Kalamazoo Tornado

Written by Nexcerpt on May 13th, 2010 in Life & Lessons.

Reminiscences on the 30th Anniversary of the Kalamazoo tornado of May 8, 1980…

Near the center of Kalamazoo College, students had begun to gather for afternoon rehearsals in the Fine Arts Building — including, as I recall, a choir in Room 100, and a jazz ensemble I directed in Dalton Theater.

A few minutes before 4:00, I heard a peculiar siren, and stepped into the lobby with Dr. Lawrence Rackley Smith, Chair of the Music Department. We stood in front of the enormous glass wall — perhaps 15 x 40 feet — peering out at the greenish-tan sky to the southwest, listening intently. We stepped just outside to gauge what the weather and sirens were telling us.

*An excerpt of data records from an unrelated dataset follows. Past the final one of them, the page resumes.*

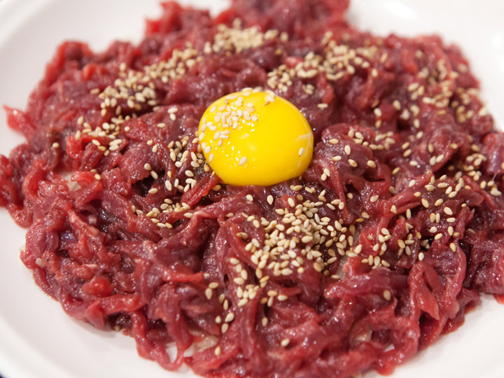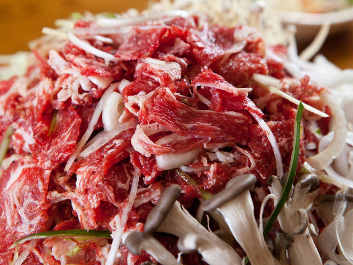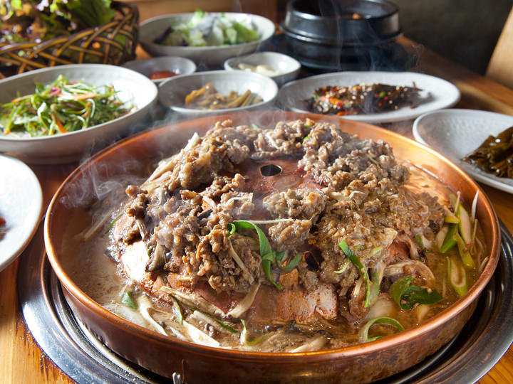 调味牛肉也是相当有韩国特色的一道料理。牛肉经特制的酱汁调味过,与蔬菜、蘑菇、粉条等一起堆放在扁平的敞口锅上炒煮。薄薄的牛肉肉质不用说,味道甜甜的鲜鲜的,是韩国人喜爱的那种独特味道。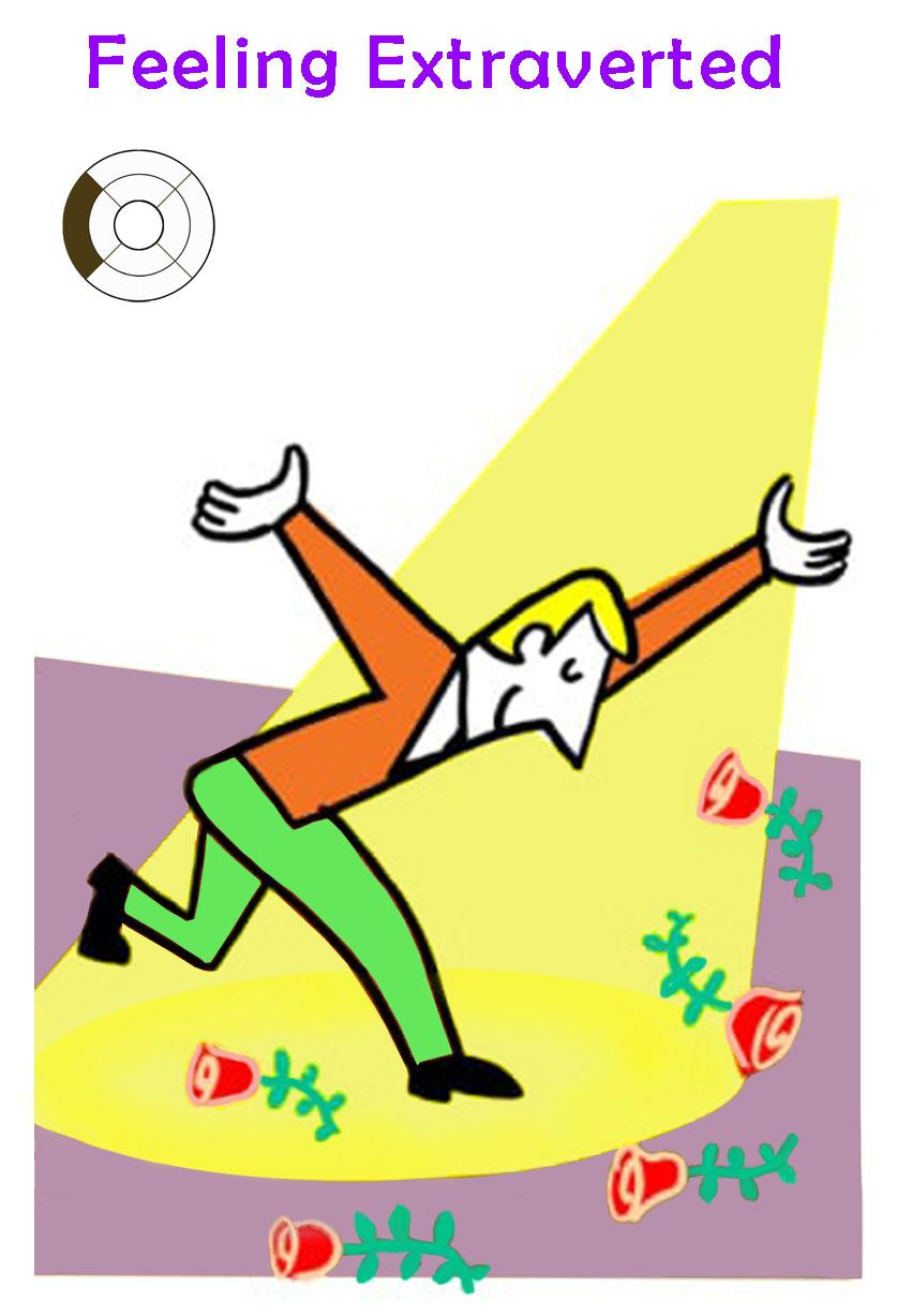 Для типу з екстравертними емоціями дуже важливим є поняття любові і допомоги іншим. Проте поняття любов включає в себе також протилежність – байдужість, а поняття допомоги іншим включає також потребу допомоги від інших. Людина даного типу з високим рівнем психологічної зрілості усвідомлює ці пари протилежностей і приймає в собі як любов так і байдужість, як допомогу іншим так і потребу в допомозі від інших. Проте, при нижчому рівні психологічної зрілості людина прилипає до однієї складової образу і витісняє другу, «погану» складову. Чим більше тип з екстравертними емоціями прагне бути люблячим і допомагаючим, тим більше він боїться бути байдужим і потребуючим допомоги. Чим більше такий тип ототожнюється з «образом себе» як люблячого і допомагаючого, тим сильніше почуття неповноцінності він відчуває при будь-якому натяку на свою байдужість до інших і потребу отримати щось від інших. При середньому рівні психологічної зрілості тип з екстравертними емоціями намагається подобатися іншим та бути потрібним, щоб отримати позитивну оцінку навколишніх для підтримки своєї самооцінки та свого образу люблячого та допомагаючого. Йому починає здаватися, що його люблять саме за його доброту і великодушність. І щоб його любили, йому треба весь час підтверджувати це. При цьому в нього зростає гординя від хибного відчуття того, що він всім допомагає, а сам ні від кого нічого не потребує. При ще меншій психологічній зрілості такий тип може мати нав’язливу потребу допомагати комусь. Він вимагає особливого ставлення до себе і дорікає іншим, що вони не оцінили його доброти та допомоги.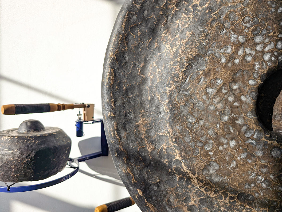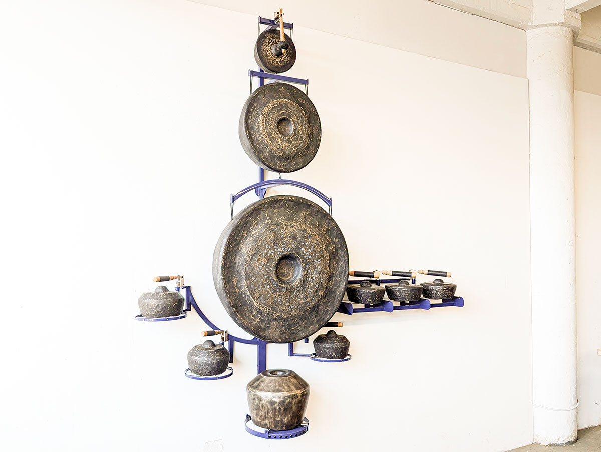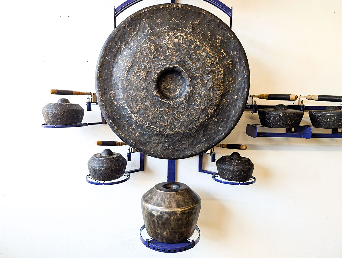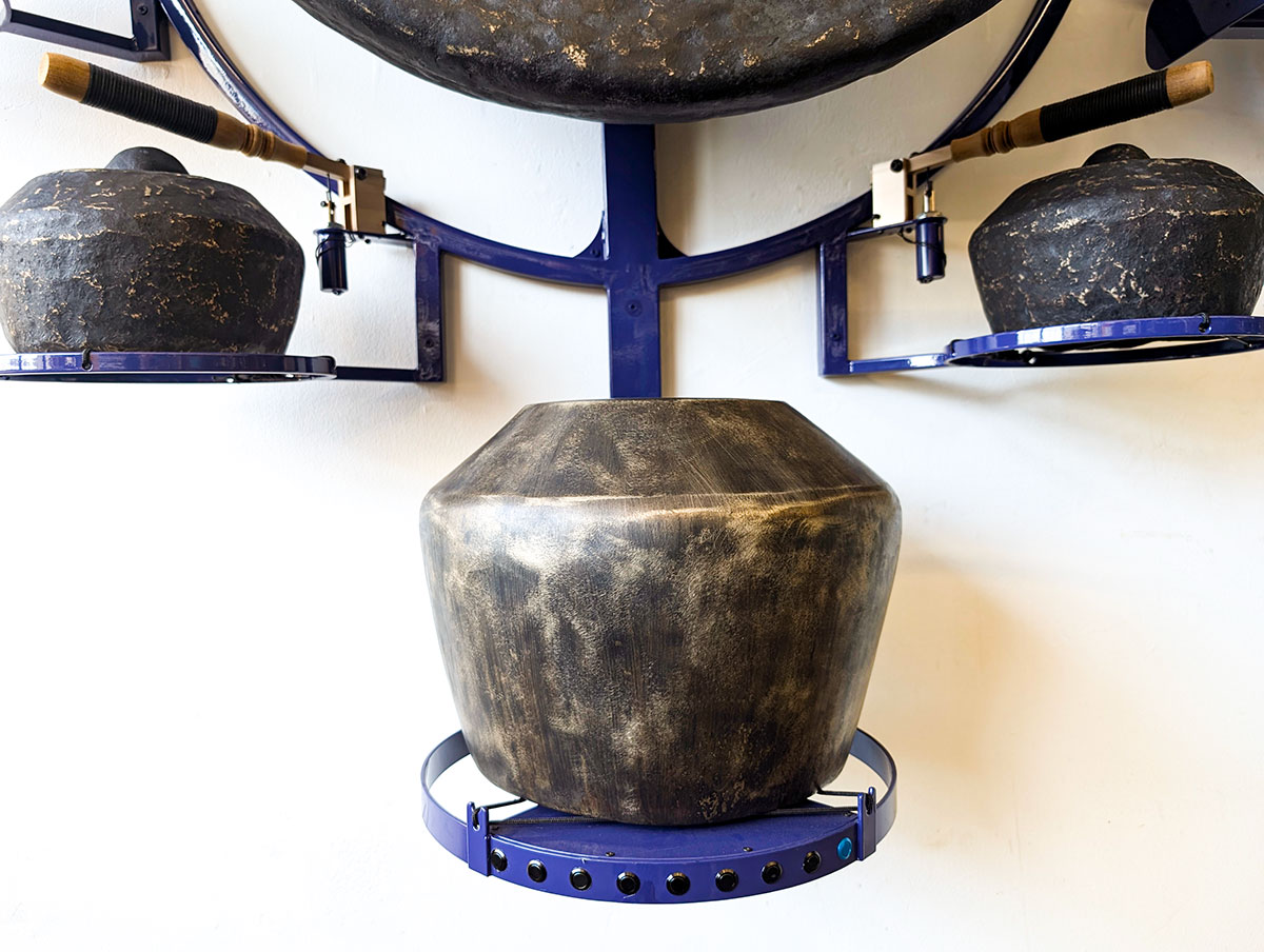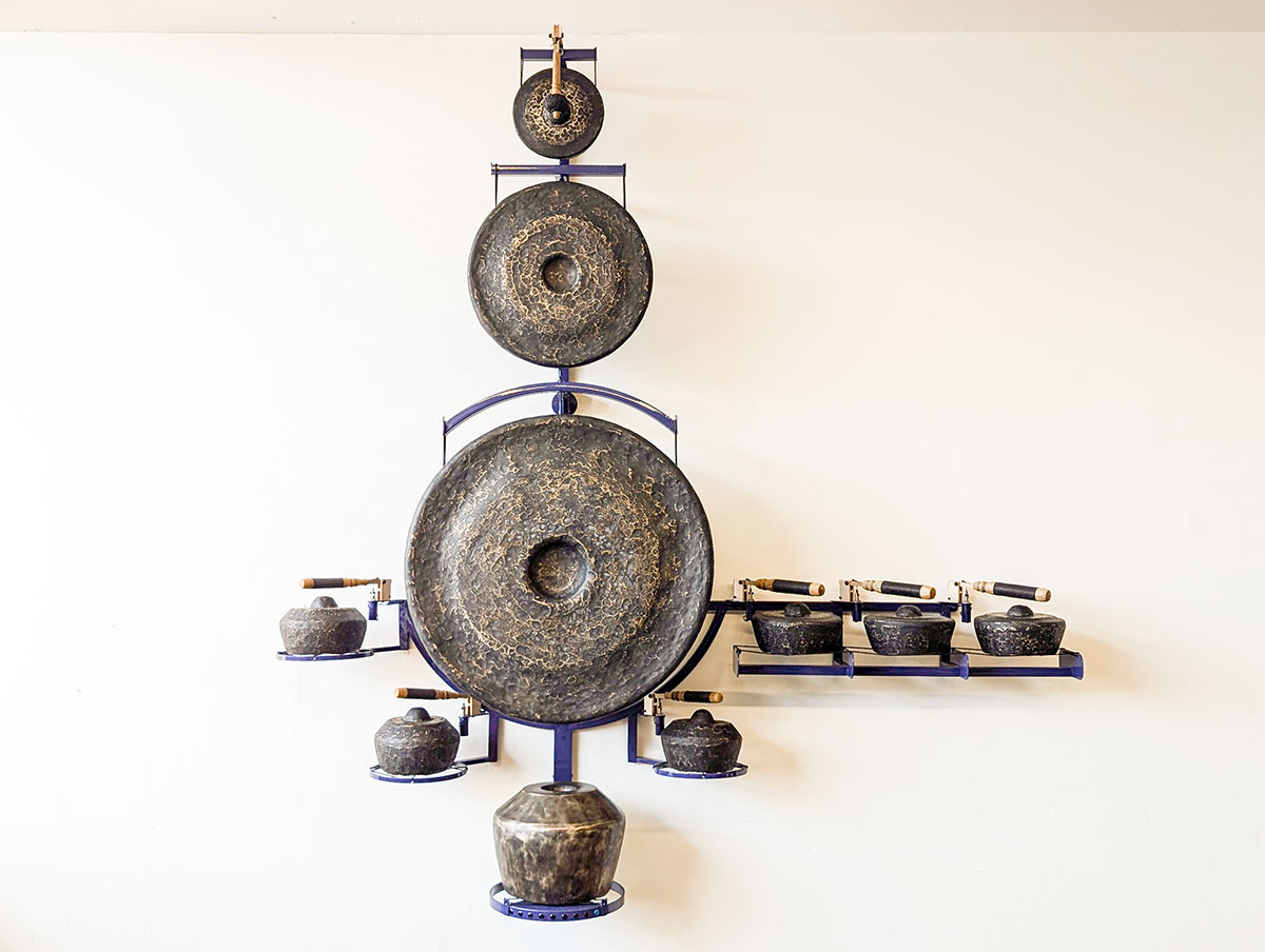 Description: Gamelatron Indigo Roh, is a sonic kinetic sculpture by Aaron Taylor Kuffner, featuring 10 hand forged patinated bronze gongs including a 80cm Gong, a 50cm Kempul, a Klentong, a kenong, and 6 Bonang barung, on a powder coated welded stainless steel wall mounted sculpture with anodized aluminum and teak electromechanical mallets and physical computing system.

Out on the portico, in the still, oddly humid air, the sounds were far more complex and unnerving. As an experienced composer, Larry had tremendous recall for pitch combination, tone and timbre. As a student of his (and a piano technician), I also had a great ear for sound and its texture. I said, “I don’t think I recognize that siren.” Larry’s response was more intense: “In all the years I’ve lived here, I ~know~ I’ve never heard it!”

We glanced up at the huge windows overhead, looked at one another grimly, and took off into the lobby to gather up everyone. We assembled K staff and students (and much younger Music Center students and their parents, arriving for lessons) downstairs in inner hallways — in practice rooms, and near the Dungeon Theater. There, we could hear nothing of the sirens or weather outside. One of the studios had a small radio on hand, and heard the tornado warning — then the broadcast signal disappeared.

We could see a bit of outside light from a side door near the Green Room. After a few minutes, as that light brightened, we began heading out to see what had happened. One of the first sights, just downhill from the Theater wing, was of tree limbs down behind Humphrey House. That seemed not too intense — but the sensation changed quickly. Immediately below Fine Arts, wind had torn chain link fences around Stowe Tennis Stadium ~out~ of the ~ground~! Ten- to twelve-foot tall posts and fence fabric lay crumpled across the courts, some with canvas banners still intact.

Back in Fine Arts, reports trickled in of far more damage downtown, so a few of us headed east. Sidewalks on Michigan Avenue were strewn with glass; the roadway held parked cars blown away from the curb, left sideways across traffic lanes. Although the damage hadn’t blocked the roads (and public safety teams had only started to do so) it was obvious the destruction further downtown was even worse. We headed back to campus, with more appreciation for the notion that “life is not a rehearsal.”